As reported in La Repubblica, the members of ADA Lazio, headed by Roberto Necci, said that the city is in a state of “filth and degradation” and is not ready for the Holy Jubilee of Mercy, which Pope Francis announced would begin on December 8, 2015. There should also be an influx of tourists traveling south after visiting the Milan Expo, which begins on May 1.

A rough translation from La Repubblica:

“Italians and foreigners who come to town hoping to experience a stay in the style of La Dolce Vita do not find Rome of Sorrentino’s “The Great Beauty,” but a capital invaded by illegal stalls of street vendors, mountains of waste in front of the bins and touts offering scams of all kinds. ‘We are very concerned,’ explains Roberto Necci, president and director Ada Lazio Savoy hotel (4 stars), just a few steps from Via Veneto. ‘The image of Rome in international newspapers and websites continues to be associated with degradation and facts such as the chaos of the transport strike in recent days.'”

It’s a problem that everyone (i.e., Romans) talks about but no one confronts. Managing the constant tide of tourists, their wanderings and their waste, is a Sisyphean task that puts stress on so many of Rome’s services, from local transport to police to street sweepers and garbage collectors. But Roman hoteliers, who write that Rome’s 25 million annual tourists is only a quarter of the number that go to London, are less concerned about how tourists are affecting the city than how the city is affecting tourists.

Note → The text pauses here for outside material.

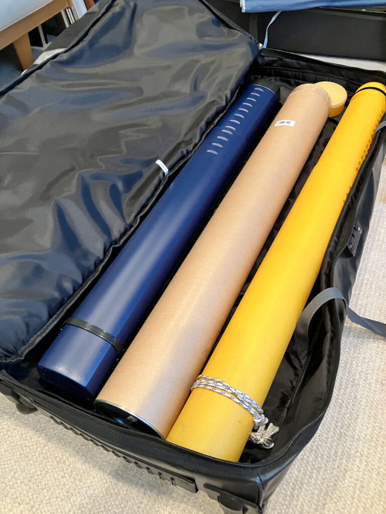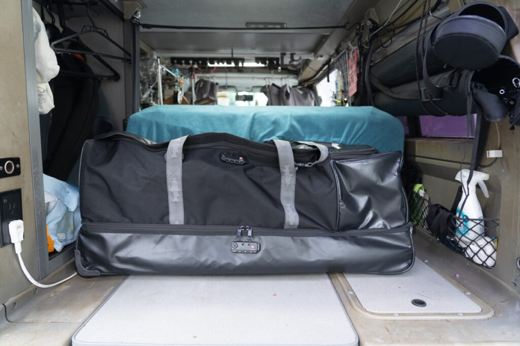 2025年シーズンから投入したのは、JMCの「トラベルキャリーバッグ ボヤージャー V2」。ぱっと見は普通のキャリーハンドルと車輪付きのスーツケースタイプですが、なんと仕舞寸90cmまでのロッドチューブの太めのものが3本まで収納できてしまうので、パックロッドやマルチピースロッドであれば6本収容できる上に、ウェーディング装備やリールバッグ、タックルケース、最小限のタイングキットや車中泊グッズも入れられる収納力です。

“The institutions must roll up their sleeves, even designing a plan of action of decorum with the capital,” writes Necci. His colleague, Bruno Borghesi, restaurant manager at the Mirabelle Hotel Splendide Royal, adds, “Unfortunately tourists staying in our facilities denounce the contrast between the beauty of the hotels and a city choked instead degradation, full of potholes and waste.”

Rome has an institutional problem and a lack of municipal leadership. “It has always been this way” or “That’s how things are” are the usual refrains for this kind of statement. On the other hand, it isn’t unusual to hear locals, from taxi drivers to businessmen, say that Rome has been abandoned. A vicious cycle of citizens not expecting anything from their local government leads to a citizenry that demands nothing of their government. A malaise sets in, only to be interrupted by one activity — pointing at the other guy.

Where are the neighborhood clean-up crews? Where are the neighborhood development associations and business improvement districts? But also, where are the trash collectors and meter maids? Where are the extra bus and train operators to help shuttle commuters and guests through the city? Where are the pothole fillers and sidewalk sweepers? Where is the law enforcement keeping touts at bay? Oh yes, more than 80 percent of them called in sick on one of the busiest nights of the year.

Where is local pride? Where are the watchdog and accountability groups? Roma Fa Schifo (Roma Sucks) does a good job of keeping track of all of the “embarrassing situation.”

Corruption and organized crime do play a part in preventing Rome from reaching its full potential. But that can’t be the only excuse. Rome’s degradation also can’t be shoved aside as an “Italian problem.” as Florence and Rome and Venice have, to an extent, figured out how to  manage the tourists while maintaining livable cities.

It can’t be easy taking care of a 2,768-year-old city. But isn’t it time for Rome’s administration to begin showing this ancient city the modern respect it deserves?

The hoteliers are right: “the institutions must roll up their sleeves.” Think big — but take care of the details first.

In the article from La Repubblica, Robert E. Wirth, president and general manager of the Hotel Hassler, agrees. “If a lamp burns out on the steps of Piazza di Spagna, there is no one around to replace it and you can not get an answer. It is a trivial example, but when you accumulate all these fundamental small details together, they count.”